Benjamini-Hochberg (BH) procedure

The Benjamini-Hochberg (BH) procedure is a modified version of the FDR correction. The BH procedure is designed to control the FDR at a specific level, which is set by the researcher. The procedure involves ranking the p-values from smallest to largest, and then comparing each p-value to a critical value calculated from the FDR level.

If a p-value is smaller than the critical value, then the null hypothesis is rejected. The BH procedure is less conservative than the Bonferroni correction and more powerful than the FDR correction. However, like the FDR correction, it is more likely to produce false positives, especially when the number of tests is very large.

Permutation testing

Permutation testing is a non-parametric method for multiple testing correction. It involves randomly shuffling the data multiple times and recalculating the test statistics for each permutation. The permutation distribution is then used to calculate the p-value for each hypothesis.
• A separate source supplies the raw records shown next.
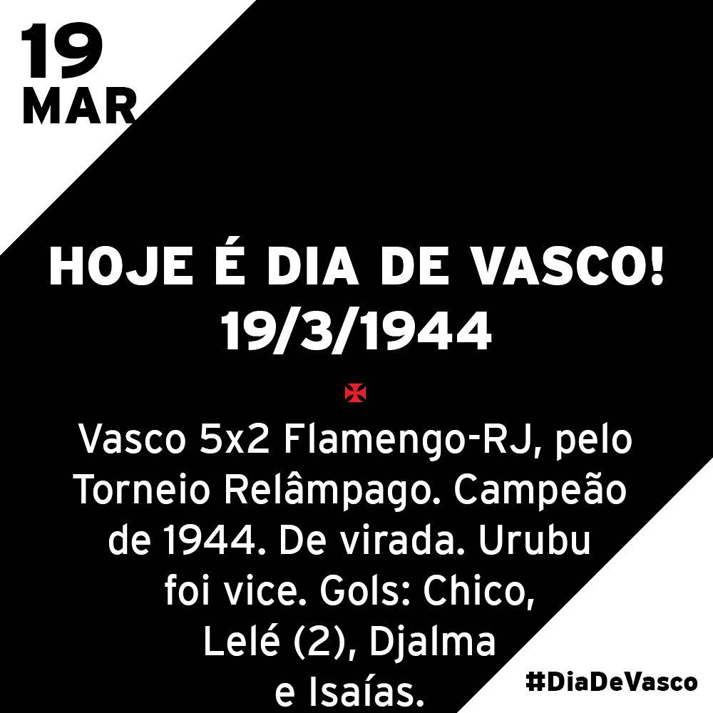 Hoje é dia 19 de março. Dia de título. Contra o Flamengo. De virada. Com goleada. Urubu foi vice! É mole ? Quer mais? Aqui tem: www.kickante.com.br/livrovasco ❤️
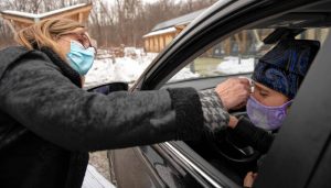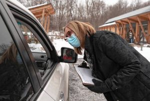 Julie Johnson, the executive director of the Hitchcock Center For The Environment in Amherst, checks parents and toddlers in for the Nature Discovery Preschool program Friday, February 5, 2021. STAFF PHOTO/CAROL LOLLIS
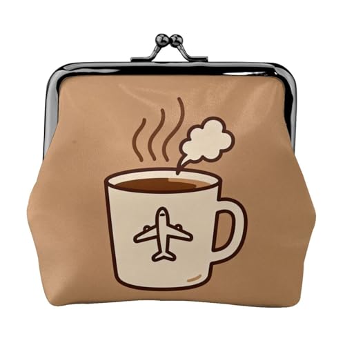 Coffee Travel Mug Leather Coin Purse for Women-Small Kiss Lock Wallet, Mini Card Holder for Keys Lipstick, Cute Change Purse for Travel
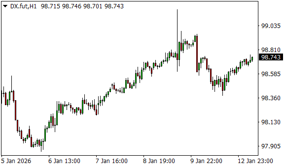 Vývoj dolarového indexu USDX (1hodinový graf - H1):
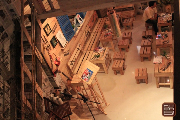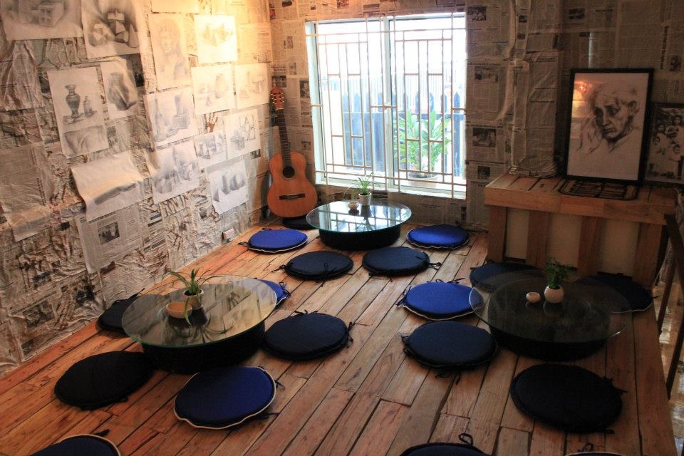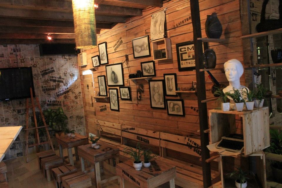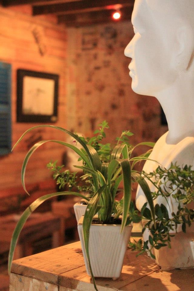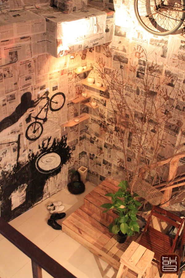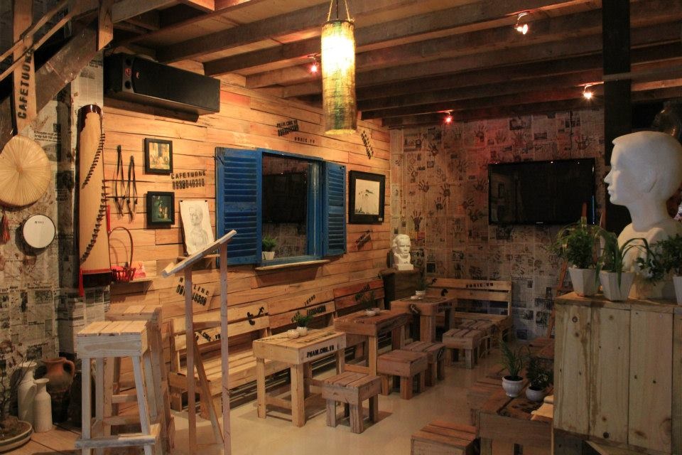 Được thiết kế bởi những kiến trúc sư “cứng cựa”, nên dù chỉ sử dụng những vật liệu đơn giản nhất như bộ bàn ghế gỗ mộc, giấy báo, bánh xe cũ, hoa, đèn… Tượng vẫn lôi cuốn những người trong nghề hay những ai vô tình đến quán.
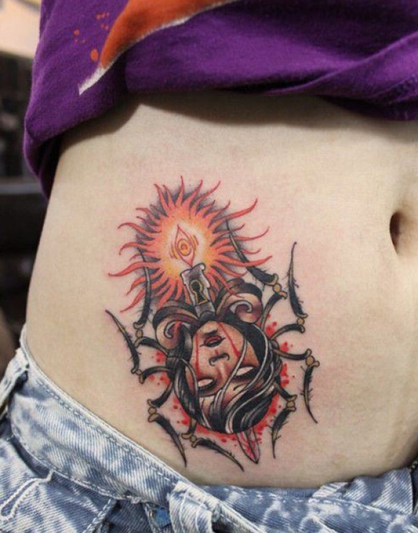 女生腹部个性创意头像纹身
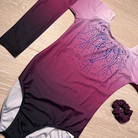 Milano turndrakt for barn i størrelse 140. (9-10år). Drakten har et flerfarget mønster og er laget for turn eller dans.
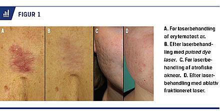 I Figur 1 C ses atrofiske aknear, og Figur 1 D aknear, som er blevet behandlet med AFL. Ved gennemgang af den eksisterende litteratur fandt vi to RCT, hvor man sammenlignede laserbehandling af atrofiske aknear med ubehandlede kontrolar. I det ene studie benyttede man NAFL og fandt ved blindet evaluering af tekstur på en tipointskala en signifikant forbedring af de behandlede ar (p = 0,03), men ingen effekt på farveforandringer [17].
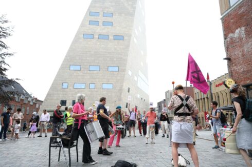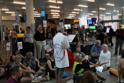 Enkele tientallen personen hebben zaterdagmiddag in Forum Groningen geprotesteerd tegen de voorgenomen gaswinning bij Schiermonnikoog. Het gaat om een actie van Scientist Rebellion, Extinction Rebellion en de klimaatgroep Fossielvrij NL.
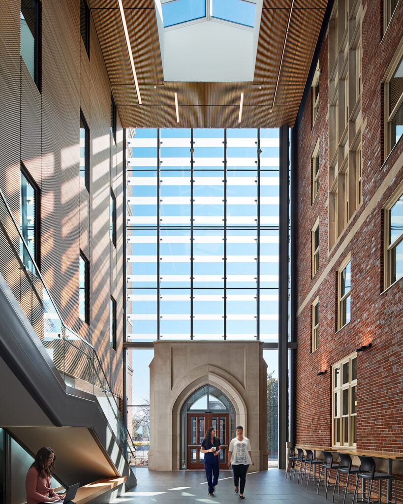 Juror remarked on the clean design and clarity of thinking by embedding a bold vertical glass circulation portal to connect historic buildings and new structures. Well designed transitional spaces create a delicate touch between new and old.
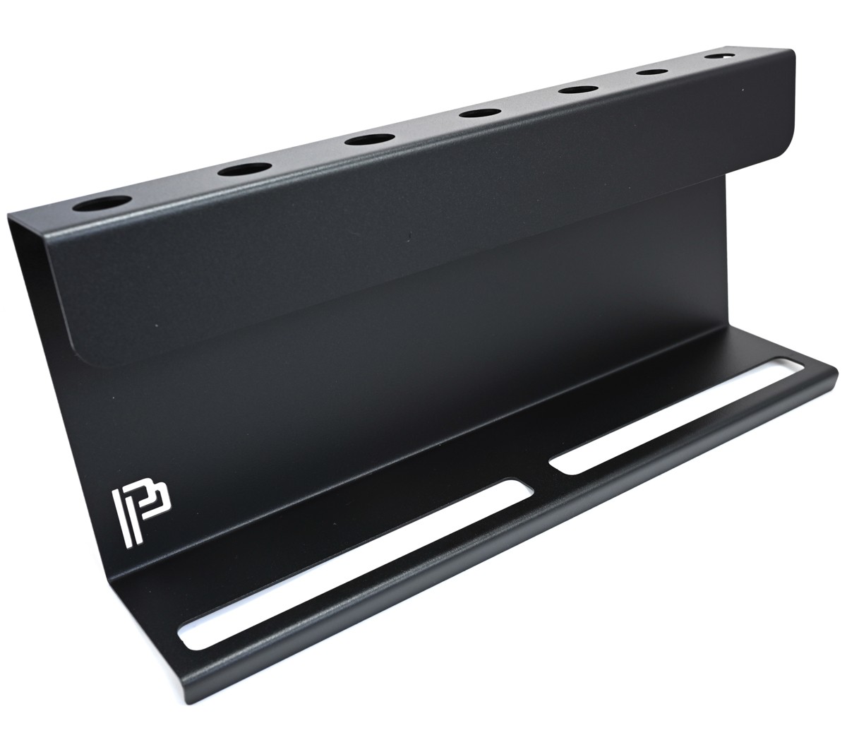 Praktický a pohodlný držiak štetcov a mixovacích fliaš. Horné otvory sú vhodné pre väčšinu dostupných štetcov, nižšie otvory potom pre väčšinu typov mixovacích fliaš s rozprašovačmi. Pevná konštrukcia vydrží zaťaženie viac ako 10 kg. Montážne otvory na priskrutkovanie na stenu sú umiestnené v hornej časti police, vďaka tomu zaručujú úplnú stabilitu. Držiak je vyrobený z kvalitného kovu, ktorý je lakovaný práškovou farbou, ktorá chráni proti oxidácii. Telo držiaka je obohatené o efektné logo Poka Premium.
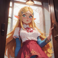 На картинке изображен мультяшный персонаж с золотистыми волосами, заплетенными в две косички. У нее заостренные ушки, выдающие эльфийские черты, и голубые глаза, выражающие спокойствие или задумчивость. Она одета в белую рубашку с черной воланом на воротнике и темно-пурпурную юбку с золотыми акцентами. Правая рука нежно покоится на бедре, а левая слегка прислонена к стене рядом с головой. На заднем плане виднеется интерьер с окном, через которое проникает дневной свет. Дизайн персонажа детализирован, с тенями, создающими объем, и она стоит перед дверью или входом, ведущим в светлое пространство.
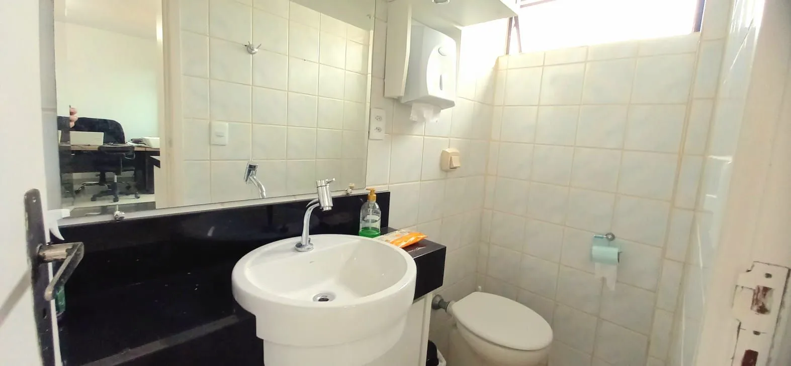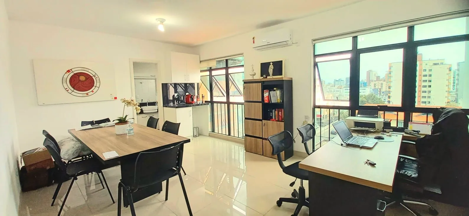 Sala comercial de 25m2, com vaga de garagem livre e coberta, piso em porcelanato, persianas, split e moveis...janelas voltadas para o sol da manhã...Portaria e zeladoria, elevador até a garagem...simples e econômico...Localizado no Kobrasol ...ideal para sair do aluguel ou investir...um negócio de ocasião...aceita carro como parte do pagamento...marque uma visita agora mesmo...

Permutation testing is particularly useful when the data do not follow a normal distribution or when the assumptions of parametric tests are violated. It is also more flexible than other methods of multiple testing correction because it does not require assumptions about the distribution of the data.

Bayesian methods

Bayesian methods are a relatively new approach to multiple testing correction. They involve assigning prior probabilities to each hypothesis and then updating these probabilities based on the data. The posterior probability of each hypothesis is then used to determine whether to reject or accept the null hypothesis.

Bayesian methods are particularly useful when there is prior information available about the hypotheses. They can also be used to incorporate information from multiple sources, such as different studies or datasets.

Applications of multiple-hypotheses testing

Multiple-hypotheses testing is used in a wide range of fields, including genomics, medical research, psychology, and economics. In genomics, for example, researchers may want to test thousands of genes to identify those that are associated with a particular disease. In medical research, researchers may want to test multiple treatments to identify the most effective one.

MHT is also useful in psychology and social science research, where researchers may want to test multiple hypotheses about behavior, attitudes, or personality traits. In economics, MHT can be used to test multiple hypotheses about the effects of different policies or interventions.

Conclusion

Multiple-hypotheses testing is a statistical approach used to test multiple hypotheses simultaneously. It is used in situations where researchers want to test a large number of hypotheses, such as in genomics or medical studies. The MHT approach is designed to control the false positive rate, which is the probability of incorrectly rejecting a null hypothesis. There are several methods for multiple testing correction, including the Bonferroni correction, FDR correction, BH procedure, permutation testing, and Bayesian methods. Each method has its own advantages and disadvantages, and researchers should choose the method that is best suited to their data and research question.